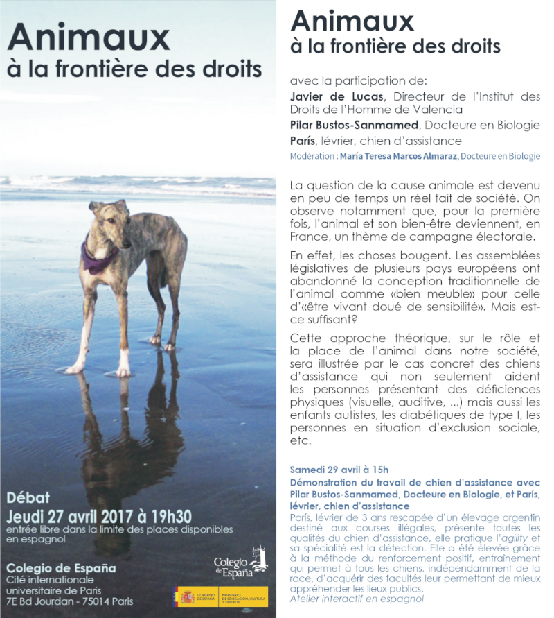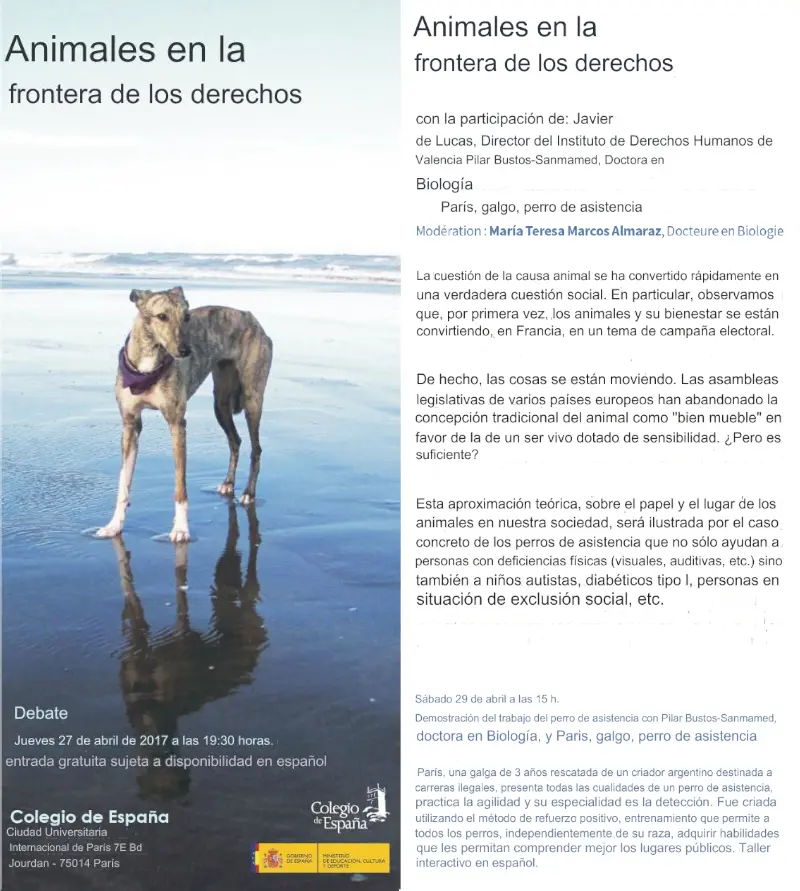 Con la participación de Javier de Lucas, director del Instituto de Derechos Humanos de Valencia y la Dra. en Biología Pilar Bustos, se celebró en el Colegio de España de París un coloquio sobre los derechos de los animales, bajo el título Animales en la frontera de los derechos, donde Teresa actuó como moderadora y co-organizadora.
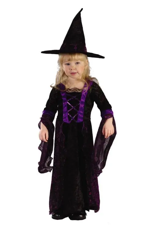 A Precious Little Witch!Costume includes: dress with black lace and purple metalic ribbon and hat.Available size:
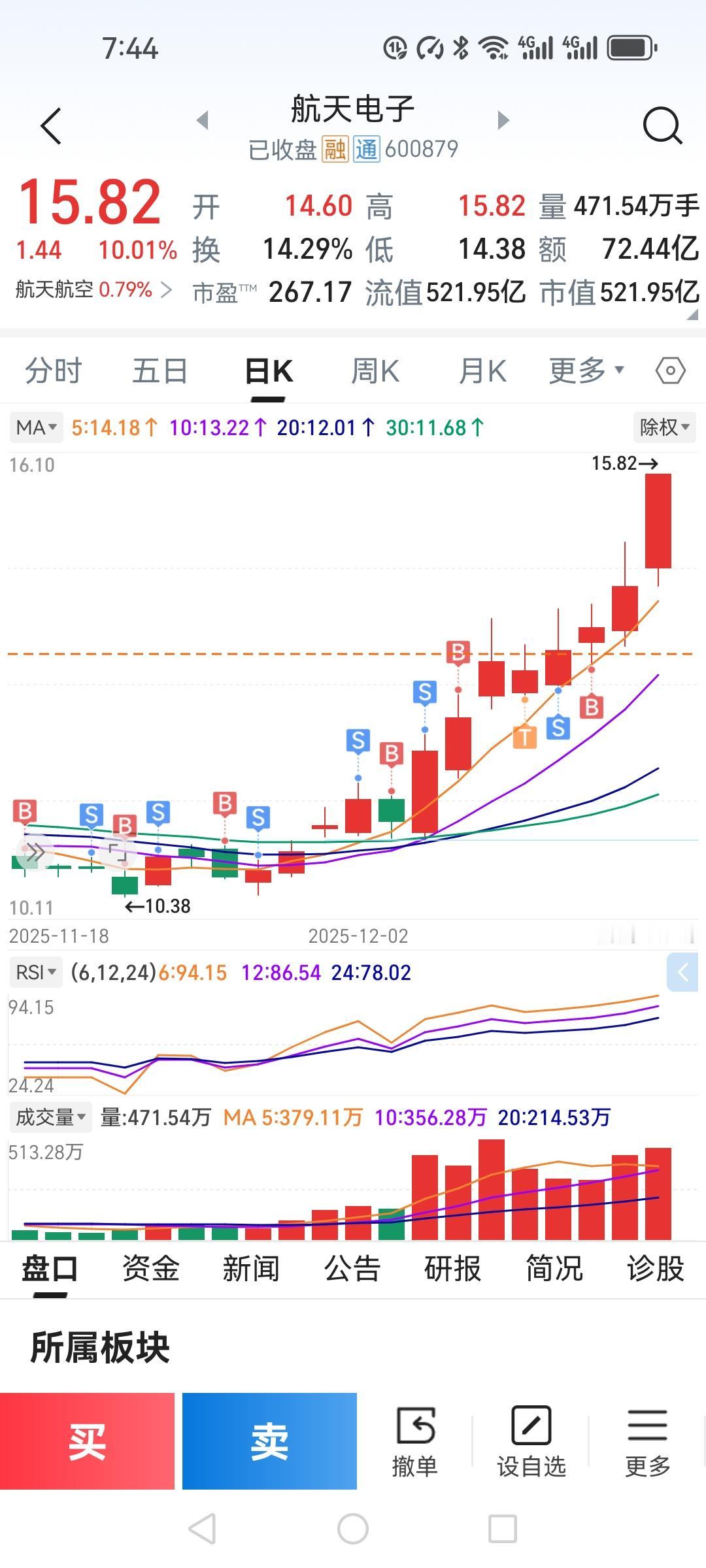 航天电子12月4日,12月10日两次盈利5300多,12月11日又在13.5回调时果断买入。 从航天电子的操作使我体会到,炒股票不能犹豫,一定要跟着趋势走,看准了就要大胆下手,坚决不能犹豫,虽然也有调整,那都是正常的,今天涨到了14.82稳稳的收在涨停板上。现在又浮赢2300多。 现在还是有点后悔,后悔当时胆子还是太小了,买的少了,要是多买点该多好啊! 你们有没有过买少了后悔的时候,下一步你们会怎么操作?航空航天板块 航天概念股 航空航天概念股
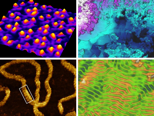QI™ is perfect for quantifying biological and chemical interactions, for nano-mechanical studies of polymers or advanced materials, and can be combined with high performance conductive AFM, EFM and KPM. The examples show bacteriorhodopsin at different interaction forces, CAFM on a battery electrode, major and minor grooves of DNA and mapping of a block co-polymer (click on the images for details).
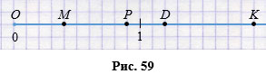 Определите координаты Р, K, М, D на рисунке 59. Найдите в единичных отрезках длину: а) ОМ; б) РK; в) DО; г) МD.
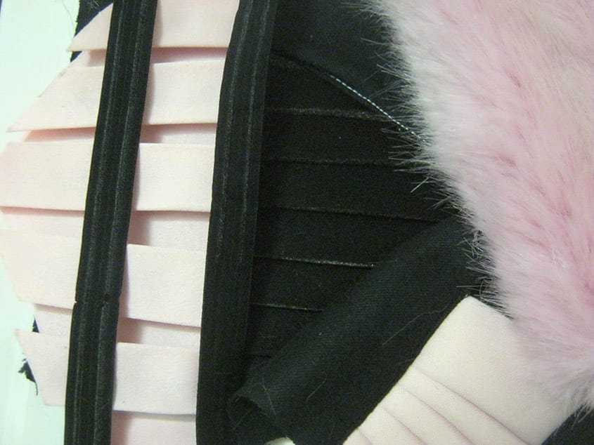 My collection is inspired by famous OCD sufferer Howard Hughes. He was a famous business tycoon, movie maker, and revolutionary aviator but also had a notorious playboy lifestyle dating some of Hollywood’s most glamorous women such as Katherine Hepburn, Ava Gardener, Bette Davis, and Jane Russell among others. While making the movie ‘The Outlaw’ with Jane Russell he designed a bra for her which became a key focus for my collection as it allowed me to use diverse materials such as a type of neoprene used in bra foam lining.
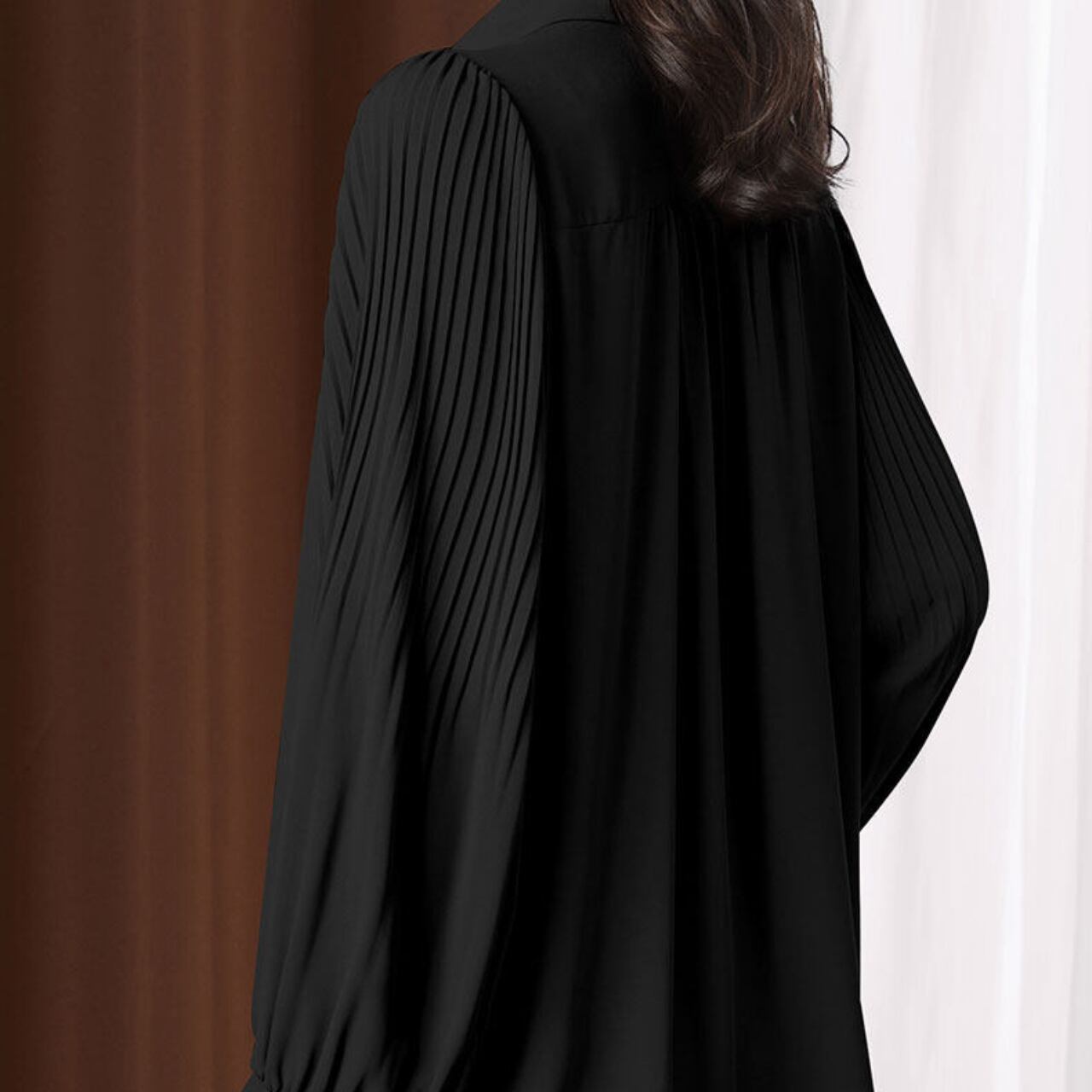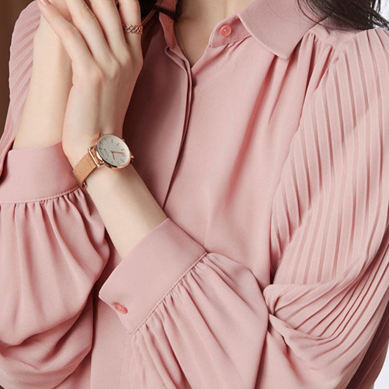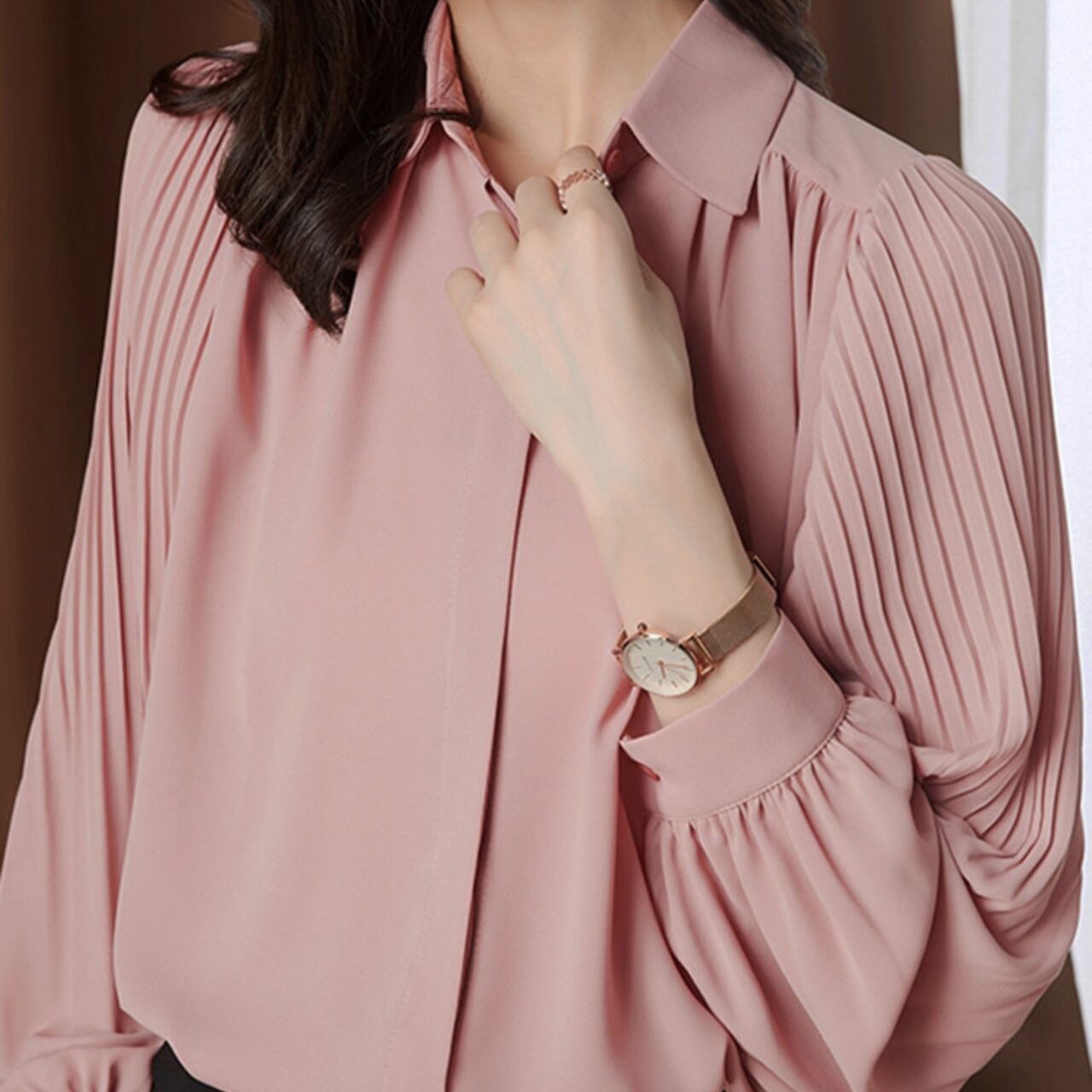 袖のプリーツが、女性らしいさりげない華やかさをプラスします。

§

◆ **YOUR GOAL**
Print all the records exactly, minus any images.

◆ **REPLY TO THE EXERCISE**
 Con la participación de Javier de Lucas, director del Instituto de Derechos Humanos de Valencia y la Dra. en Biología Pilar Bustos, se celebró en el Colegio de España de París un coloquio sobre los derechos de los animales, bajo el título Animales en la frontera de los derechos, donde Teresa actuó como moderadora y co-organizadora.
 A Precious Little Witch!Costume includes: dress with black lace and purple metalic ribbon and hat.Available size:
 航天电子12月4日,12月10日两次盈利5300多,12月11日又在13.5回调时果断买入。 从航天电子的操作使我体会到,炒股票不能犹豫,一定要跟着趋势走,看准了就要大胆下手,坚决不能犹豫,虽然也有调整,那都是正常的,今天涨到了14.82稳稳的收在涨停板上。现在又浮赢2300多。 现在还是有点后悔,后悔当时胆子还是太小了,买的少了,要是多买点该多好啊! 你们有没有过买少了后悔的时候,下一步你们会怎么操作?航空航天板块 航天概念股 航空航天概念股
QI™ is perfect for quantifying biological and chemical interactions, for nano-mechanical studies of polymers or advanced materials, and can be combined with high performance conductive AFM, EFM and KPM. The examples show bacteriorhodopsin at different interaction forces, CAFM on a battery electrode, major and minor grooves of DNA and mapping of a block co-polymer (click on the images for details).
 Определите координаты Р, K, М, D на рисунке 59. Найдите в единичных отрезках длину: а) ОМ; б) РK; в) DО; г) МD.
 My collection is inspired by famous OCD sufferer Howard Hughes. He was a famous business tycoon, movie maker, and revolutionary aviator but also had a notorious playboy lifestyle dating some of Hollywood’s most glamorous women such as Katherine Hepburn, Ava Gardener, Bette Davis, and Jane Russell among others. While making the movie ‘The Outlaw’ with Jane Russell he designed a bra for her which became a key focus for my collection as it allowed me to use diverse materials such as a type of neoprene used in bra foam lining.
 袖のプリーツが、女性らしいさりげない華やかさをプラスします。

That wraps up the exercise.